__Recorded data__.
- - - - - - -

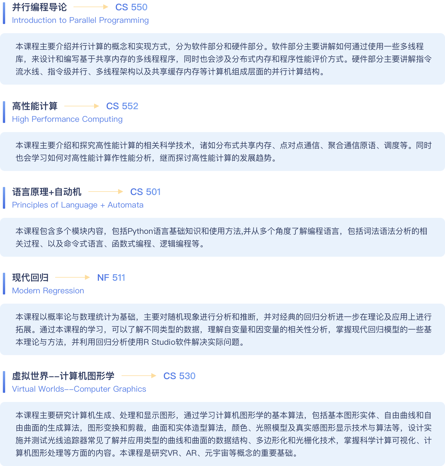每门课程需要完成不同类型的作业,包括项目提案,案例分析录音演讲、论文撰写等。
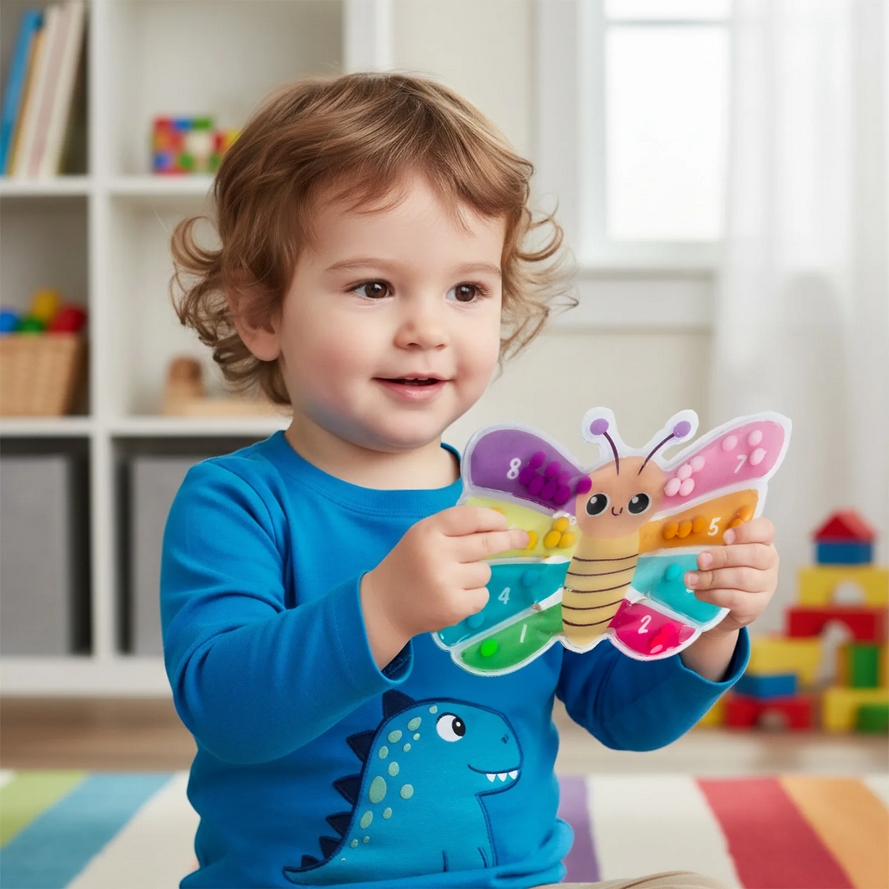 Poznaj wyjątkową sensoryczną planszę motylka z miękkimi, kolorowymi kuleczkami, które dziecko przesuwa do odpowiednich miejsc, dopasowując je kolorystycznie i ilościowo. To idealna zabawka wspierająca naukę liczenia, rozpoznawania kolorów oraz rozwój motoryki małej.
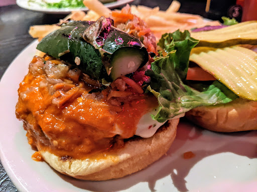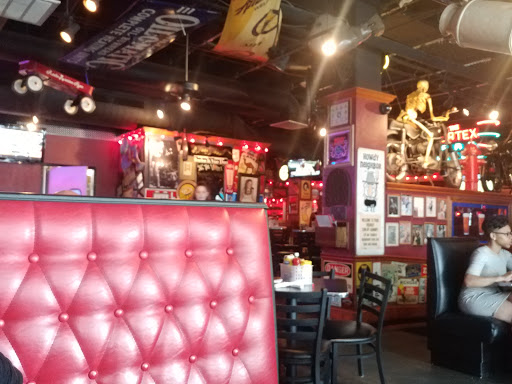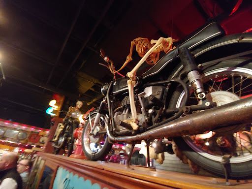 Vortex makes a wide range of awesome, meaty burgers. If youre looking for a lot of dead cow topped with the basics or various combinations of great toppings, this is the place. I have yet to attempt any of the coronary bypass burgers though Ive tried many of their signature burgers. All their burgers come with a good deal of fries or tater tots and I find the quality of their burgers to match or exceed any other burger joint in Atlanta. If youre looking for a good, simple burger, you can find it at Vortex though Id recommend trying a signature burger. You can find good quality teriyaki, buffalo n bleu, blackened, mushroom n swiss, etc., at Vortex. Ive found that they cook burgers to the right doneness every time. My personal favorite is the Hells Burger with its habanero relish, pepper jack, spicy sauce, and roasted jalapeño on top. Great choice. I think itll be hard not be satisfied after you come here. You should have already realized that this has a biker-goth feel to it. Skulls and motorbikes everywhere. Pictures of scantily clad women. Cigarette smoke. And the only-over-18 admittance. Thats important if you try to bring any teens/children. I think its a fun, unique atmosphere that contrasts with the middle of midtown. Your grandmother may not enjoy the experience.

- - - - - - -

__Work order__.
The whole listing above must be returned exactly as written, with no pictures carried over.

__Exercise response__.
每门课程需要完成不同类型的作业,包括项目提案,案例分析录音演讲、论文撰写等。
 Poznaj wyjątkową sensoryczną planszę motylka z miękkimi, kolorowymi kuleczkami, które dziecko przesuwa do odpowiednich miejsc, dopasowując je kolorystycznie i ilościowo. To idealna zabawka wspierająca naukę liczenia, rozpoznawania kolorów oraz rozwój motoryki małej.
 Vortex makes a wide range of awesome, meaty burgers. If youre looking for a lot of dead cow topped with the basics or various combinations of great toppings, this is the place. I have yet to attempt any of the coronary bypass burgers though Ive tried many of their signature burgers. All their burgers come with a good deal of fries or tater tots and I find the quality of their burgers to match or exceed any other burger joint in Atlanta. If youre looking for a good, simple burger, you can find it at Vortex though Id recommend trying a signature burger. You can find good quality teriyaki, buffalo n bleu, blackened, mushroom n swiss, etc., at Vortex. Ive found that they cook burgers to the right doneness every time. My personal favorite is the Hells Burger with its habanero relish, pepper jack, spicy sauce, and roasted jalapeño on top. Great choice. I think itll be hard not be satisfied after you come here. You should have already realized that this has a biker-goth feel to it. Skulls and motorbikes everywhere. Pictures of scantily clad women. Cigarette smoke. And the only-over-18 admittance. Thats important if you try to bring any teens/children. I think its a fun, unique atmosphere that contrasts with the middle of midtown. Your grandmother may not enjoy the experience.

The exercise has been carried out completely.